Natural language processing for African languages
- URL: http://arxiv.org/abs/2507.00297v1
- Date: Mon, 30 Jun 2025 22:26:36 GMT
- Title: Natural language processing for African languages
- Authors: David Ifeoluwa Adelani,
- Abstract summary: dissertation focuses on languages spoken in Sub-Saharan Africa where all the indigenous languages can be regarded as low-resourced.<n>We show that the quality of semantic representations learned in word embeddings does not only depend on the amount of data but on the quality of pre-training data.<n>We develop large scale human-annotated labelled datasets for 21 African languages in two impactful NLP tasks.
- Score: 7.884789325654572
- License: http://creativecommons.org/licenses/by/4.0/
- Abstract: Recent advances in word embeddings and language models use large-scale, unlabelled data and self-supervised learning to boost NLP performance. Multilingual models, often trained on web-sourced data like Wikipedia, face challenges: few low-resource languages are included, their data is often noisy, and lack of labeled datasets makes it hard to evaluate performance outside high-resource languages like English. In this dissertation, we focus on languages spoken in Sub-Saharan Africa where all the indigenous languages in this region can be regarded as low-resourced in terms of the availability of labelled data for NLP tasks and unlabelled data found on the web.

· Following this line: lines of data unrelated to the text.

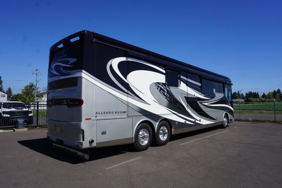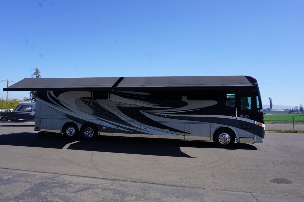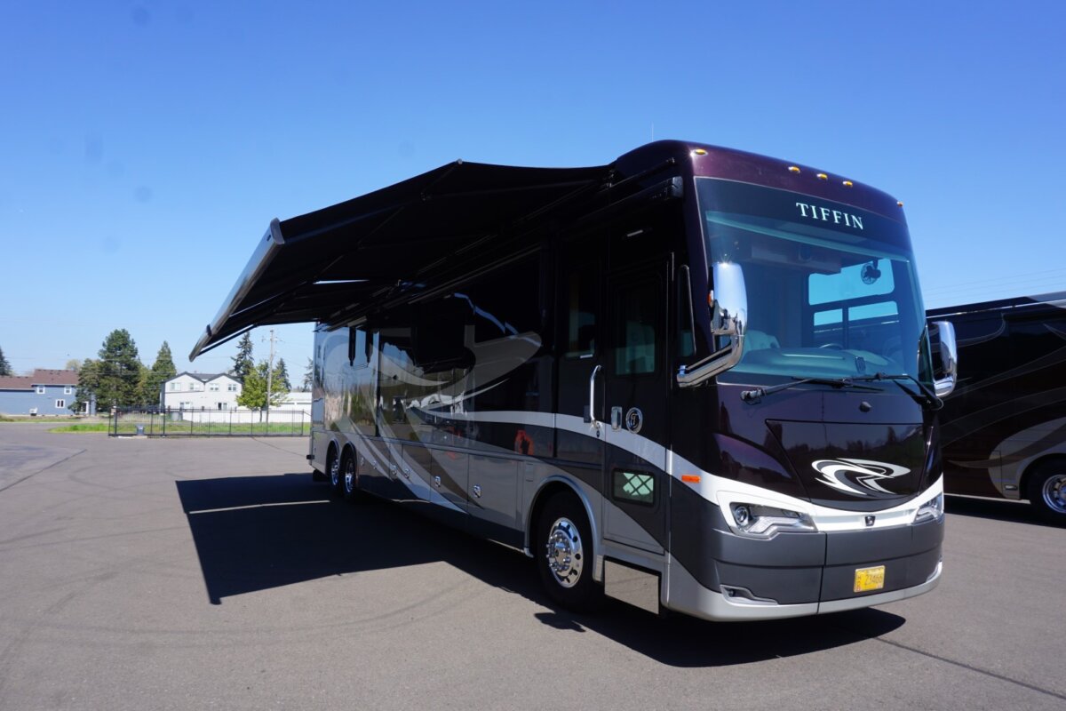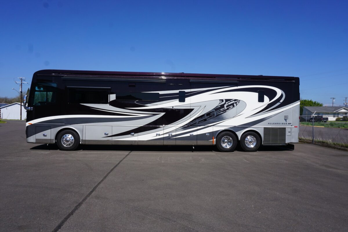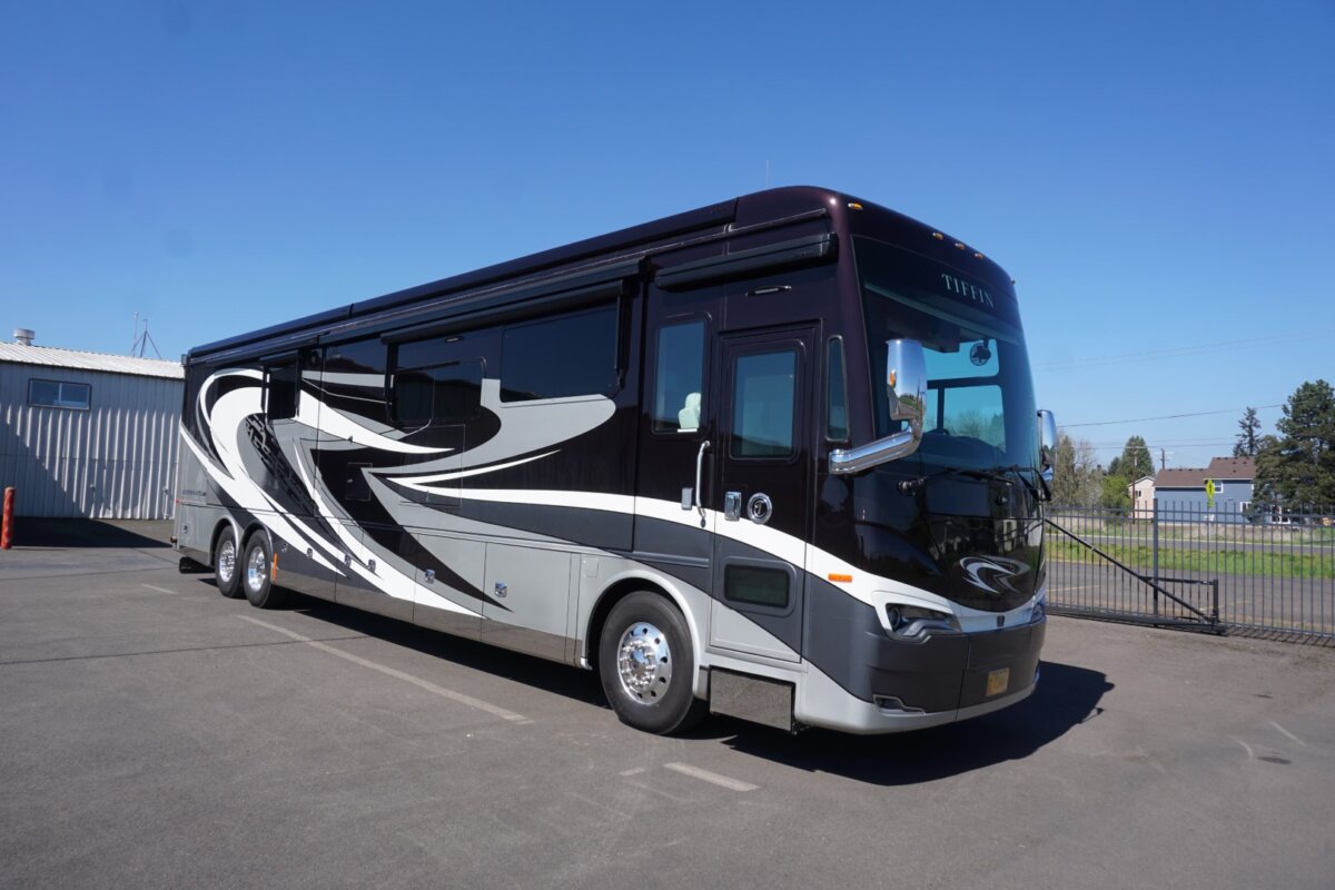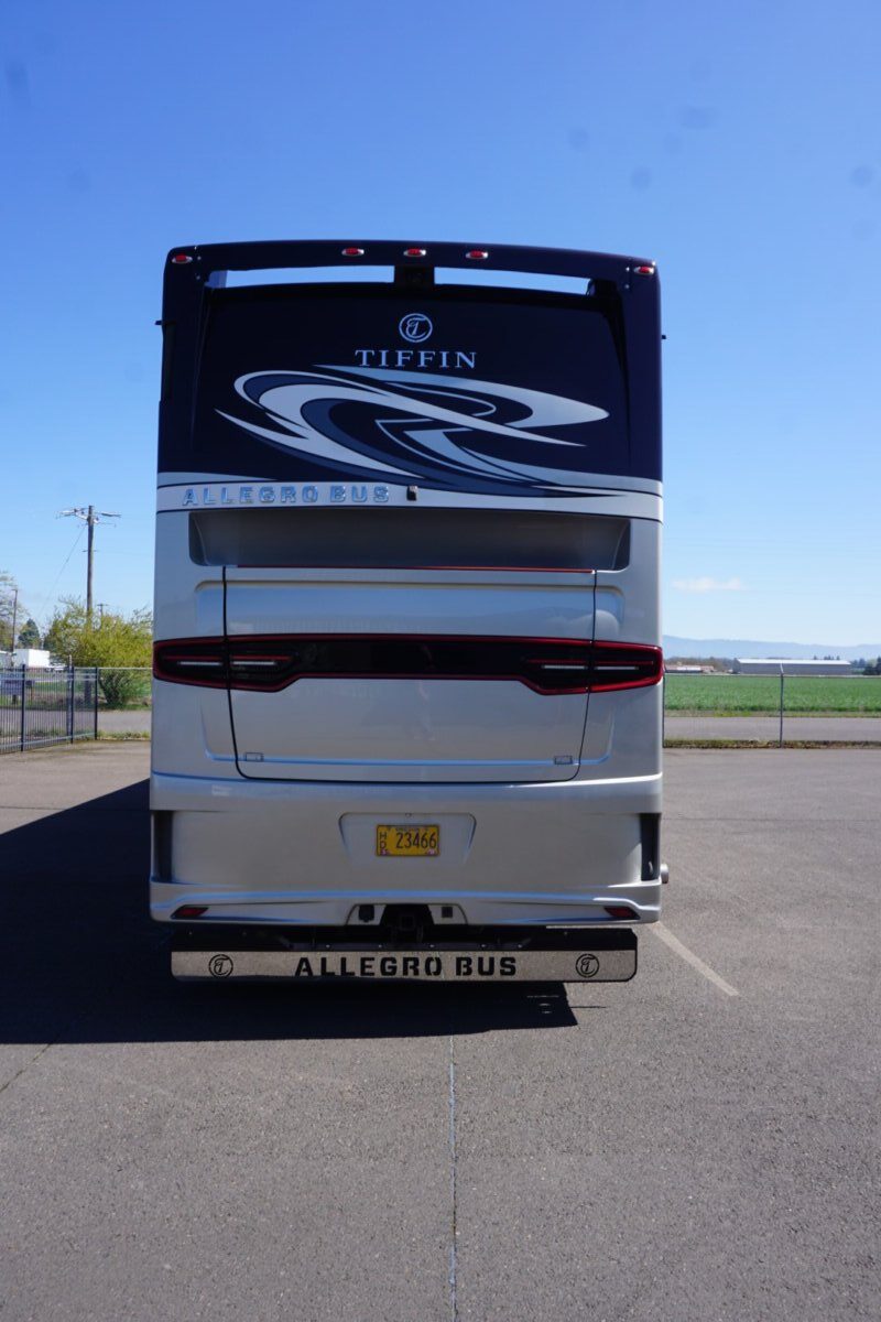 This 2021 Bath And Half 45 OPP Tiffin Allegro Bus is in excellent condition. This is a great floor plan with lots of storage. This coach has too many options to list of all them but here are a few items: Stacked Washer Dryer, Dishwasher, All Electric with Residential Refrigerator and True Induction cooktop, Outside TV , Outside BBQ with sink, TV lift in living room with fireplace, TV lift with fireplace in bedroom, king size bed, huge shower and much much more.
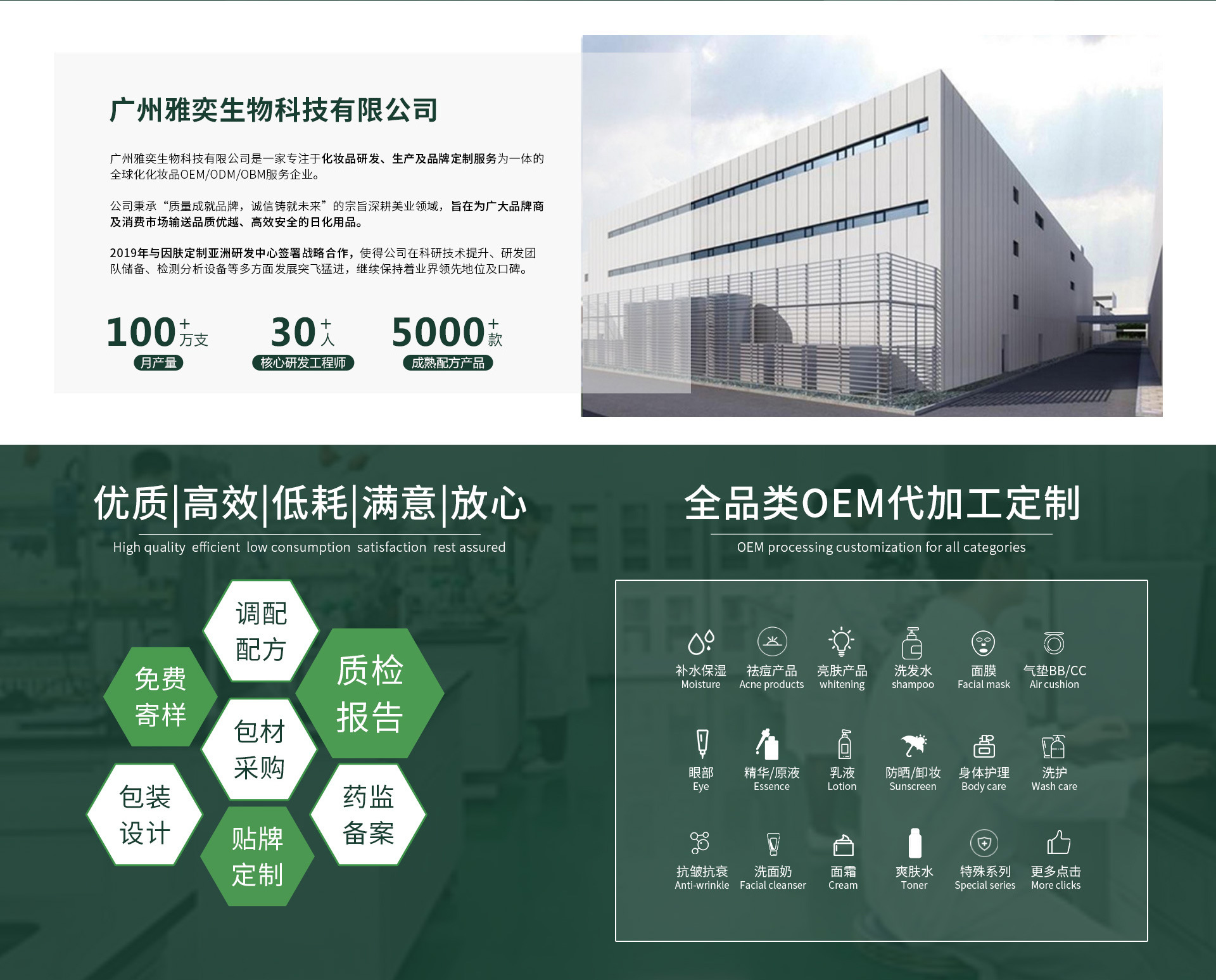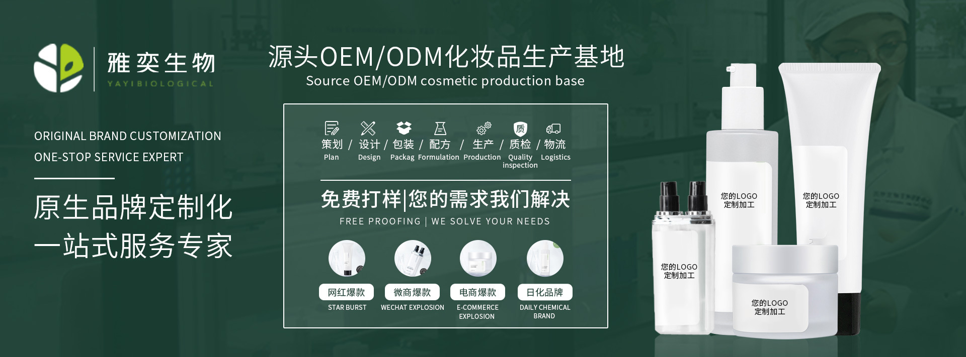 廣州雅奕生物科技有限公司是一家專業(yè)致力于民族化妝品“原生品牌個性化定制”、“初創(chuàng)品牌定制化升級”的一站式品牌策劃、產(chǎn)品研發(fā)與生產(chǎn)、營銷策劃為一體的專業(yè)化服務(wù)公司。 “雅奕科技”以“培育價值共生土壤,創(chuàng)建品牌共同繁榮”為己任,依托專業(yè)和科技最前沿,立足行業(yè)制高點,以匠心品質(zhì)締造安全,做中國民族化妝品原生品牌的價值增長引擎,助力中小微原生、初創(chuàng)品牌的孕育、出生和壯大!
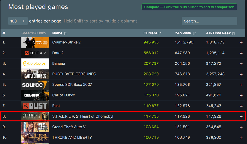S.T.A.L.K.E.R. 2: Heart of Chornobyl vom ukrainischen Studio GSC Game World feierte einen großartigen Einstand auf Steam und schaffte es am Tag der Veröffentlichung in die Top Ten der beliebtesten Spiele auf der Plattform. In der Spitze erreichte die Zahl der gleichzeitigen Spieler 113 Tausend, was die Zahlen der vorherigen Teile der Serie, einschließlich S.T.A.L.K.E.R: Shadow of Chernobyl (2007), deutlich übertrifft.
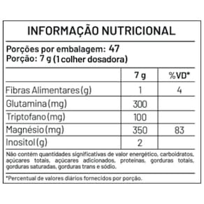 Magnésio Inositol + Glutamina e Triptofano O Magnésio Inositol é um suplemento em pó que traz praticidade ao consumidor, com sua forma desenvolvida por profissionais, com um sabor delicioso e refrescante de maracujá. Pode auxiliar no bem-estar diário. Com 4 fontes de Magnésio: Bisglicinato de Magnésio, Dimagnésio Malato, Taurato de Magnésio e Cloreto de Magnésio. Esse suplemento alimentar, pode te trazer muitos benefícios, sendo prático e fácil de consumir, e sendo um forte aliado para quem tem o estilo de vida vegano. Enriquecido com glutamina e L-triptofano para potencializar seus efeitos. Benefícios: Inositol é um suplemento de vitamina do complexo B A Glutamina é um aminoacido que auxilia na composição de proteína; O Triptofano é um aminoacido que pode beneficiar o humor, a boas noites e o apetite; 4 Tipos de Magnésio; O bisglicinato de magnésio pode ser indicado para a falta de magnésio por ser o mais completo dos magnésios; O Dimagnésio Malato é ideal para equilíbrio de proteínas, carboidratos e dos eletrólitos; O taurato de magnésio é um suplemento que tem ganhado atenção nos últimos anos por seus benefícios para a mente e o corpo; O Cloreto de Magnésio pode auxiliar na performance dos treinos. 100% Vegano; Não contém glúten; Não contém açúcar; Contém Glutamina e Triptofano. Sugestão de Uso: Diluir 7g 1 colher dosadora em 200ml de água ao dia, ou conforme recomendação profissional.
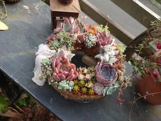 ステキなリースの寄植え♥ずーっとうっとり眺めていられますね😍😍😍
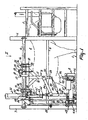 - the carrier frame 9 includes a beam 10 extending substantially parallel to the first frame portion 4, a beam 11 directed vertically downwardly perpendicular to the beam 10 and fixed thereto, and two struts 12. Near the ends of the beam 10, there are provided pairs of supporting elements 13. To each pair of supporting elements 13, by means of supporting plates 14 fixed thereto, at an angle of approximately 45° there are provided two rollers 16, constituting a roller pair 15, the arrangement being such that the carrier frame 9 is suspended easily movably along the upper frame portion 4, therebelow. On the beam 10 of the carrier frame 9, on both sides, there are provided two carriers 17, to which there is movably attached a motor 19 about a pivot shaft 18.
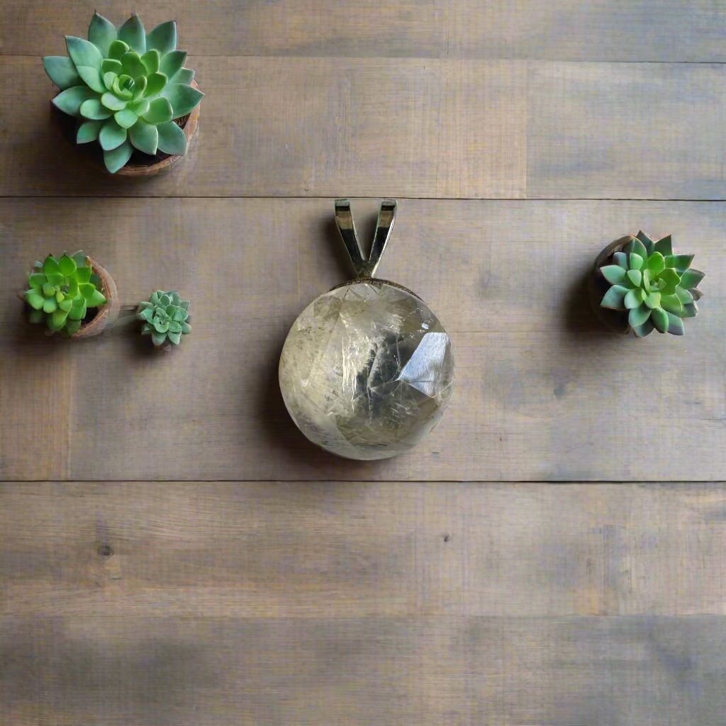 This delicate pendant features a beautiful faceted piece of rainbow moonstone (approximately 3/4" in diameter) mounted on silver.
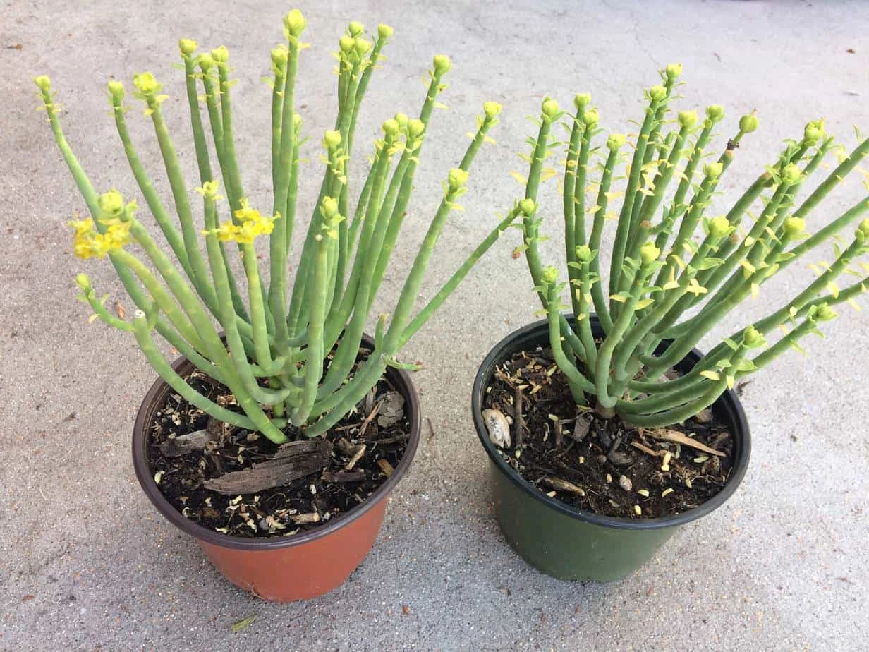 The Euphorbia Mauritanica or Pencil Milk Bush is a pencil-like, branching plant with upright, bright green, cylindrical stems that sprout in the shape of a small shrub. Its small leaves will grow along the grayish green stem. The clumping, low-growing plant grows eighteen to twenty-four inches tall. In warmer climates, in late winter, it produces a yellow flower at the end of each young branch. It is heat and drought-tolerant, but likes additional water during the hot summer. Do not over-water this succulent because it will rot. Plant it in full sun to partial shade. It is hardy into to the mid to high twenties Fahrenheit. When the plant stems are broken or pruned, it produces milky-white latex that may cause an allergic reaction if it comes in contact with skin. This succulent is extremely brittle and can break easily. Handle it with care when planting or transplanting. Use it in colorful containers and raised planters or as a foundation plant. It can also be used in groups or rock gardens mixed with other cacti and low-water-use plants. When planting it in masses, space it four to six feet apart. It is native to the Northern, Western, and Eastern Capes and KwaZulu-Natal in South Africa, where it grows extensively in dry valleys and along hillsides.

We analyse the noise in the publicly available corpora, and curate a high-quality corpus, demonstrating that the quality of semantic representations learned in word embeddings does not only depend on the amount of data but on the quality of pre-training data. We demonstrate empirically the limitations of word embeddings, and the opportunities the multilingual pre-trained language model (PLM) offers especially for languages unseen during pre-training and low-resource scenarios. We further study how to adapt and specialize multilingual PLMs to unseen African languages using a small amount of monolingual texts. To address the under-representation of the African languages in NLP research, we developed large scale human-annotated labelled datasets for 21 African languages in two impactful NLP tasks: named entity recognition and machine translation. We conduct an extensive empirical evaluation using state-of-the-art methods across supervised, weakly-supervised, and transfer learning settings.